Dear Josh,
I think I’ve briefly mentioned this, but going through grief has made me realize how many nice people there are. It’s easy to look at everyone who should have been here but isn’t, but it’s also during times like these that we should look at those who are here despite not being expected to be. I wrote about my dinner with my friends. So far, everyone I’ve met up each month has been so kind. I might be wearing rose-tinted glasses right now, but I can’t recall anyone saying anything particularly mean or inappropriate. It’s almost like 2025 filtered out all the mean people so that 2026 would be slightly more pleasant. Or maybe you’re doing that – if you are, thank you.
I am a firm believer that the way you speak about people says more about you than the person you’re speaking about. As a result of this belief, I try to make sure that I don’t speak ill of others. Actually, this came up in a conversation I had over dinner with my friends. We were discussing the differences between sharing/venting about our problems and being gossipy. The conclusion is: if we are factually speaking about a person’s behavior and it makes them look bad, then maybe it’s the behavior they are exhibiting that is bad, and not us being the gossipy ones. Venting is equivalent to saying, “I’m so exhausted. This person did this and that and this and that.” Gossip is more like, “Did you see what the person was wearing?” I might be wrong and these definitions could be very subjective, but I see one as doing harm (gossip) and another as relieving harm (venting; relieving harm from yourself).
This made me think about the conversations we used to have. I think your sister was the one who said something along the lines of, “he’s b*tchy but he’s not a b*tch” – when we were talking about you. You do like to talk about others, and I honestly enjoyed doing it with you too. But in hindsight, I don’t think we were being gossipy. I think we were merely stating facts. There was this girl at school we’d talk about – she made you and I uncomfortable with various weird actions – and we’d discuss if her actions were normal and possible intentions. Back then, we thought we were being gossipy, but I think we were just venting. Shared happiness doubles it, and shared sadness halves it. I won’t say she made us sad though, just annoyed. I guess shared annoyance halves it too.
I won’t lie – this was not what I was intending to write about. I’ll go back to my original point. The point is: I’ve now noticed how many nice people there are around you and me. We somehow managed to find pretty good friends. I think, at least for you I’m sure, this comes from the person you are. You don’t speak ill of others unless you’re venting (and as established, it’s different from speaking ill of someone) – as a result, your friends have similar perspectives of people around them.
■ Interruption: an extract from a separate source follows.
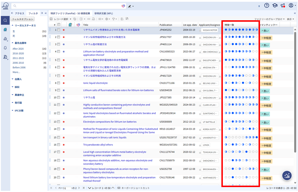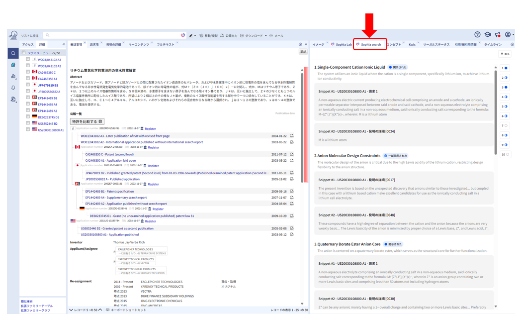 特定の結果に関する詳細情報を確認するには、ヒットリストの右側にあるペインの「Sophia Search」タブを有効にするか、関心のある特許ファミリーをクリックしてファミリービューに移動してください。

From my conversations with them, I see that instead of condemning a person based on their actions, they try to think about a person’s intentions which then guides them to a conclusion about the person’s morals. I try to be a person whose morals aligns with their values – as a result, I’ve somehow managed to find friends who are on the same moral wavelength as I am. Even in conversation with your friends and family, I find that we have similar moral wavelengths (thankfully). I’m also assuming that I can get along with them because I can get along with you. Logically, that makes sense.
Anyway, I wanted to quickly thank the people who have been kind in many ways even when they didn’t have to be. First, my cousin (I don’t think he reads this blog) who purchased a cake from our foundation and contributed more than required. Next, my friends who have endured my bland replies (or sometimes no replies) and patiently waited for me to feel ready to meet them. They also very kindly allow me to talk about you and never shamed me for still grieving. I’ve never had to justify my grief or the way I’m grieving to them. Then there’s my family – who’ve given me the space (my room, actually) to put up pictures of you and light candles though I’ve once caused a small fire (it was put out relatively quickly). It has been a semi-long journey, but they’re learning to be a bit more understanding, and I acknowledge that they don’t have to, so the effort alone is appreciated. Again, I don’t think any of these people read the blog, but I wanted to highlight that in times of struggles, there are people who will disappoint but there are also people who will also impress.
I can’t wait to see you again. I love you more, always, and forever.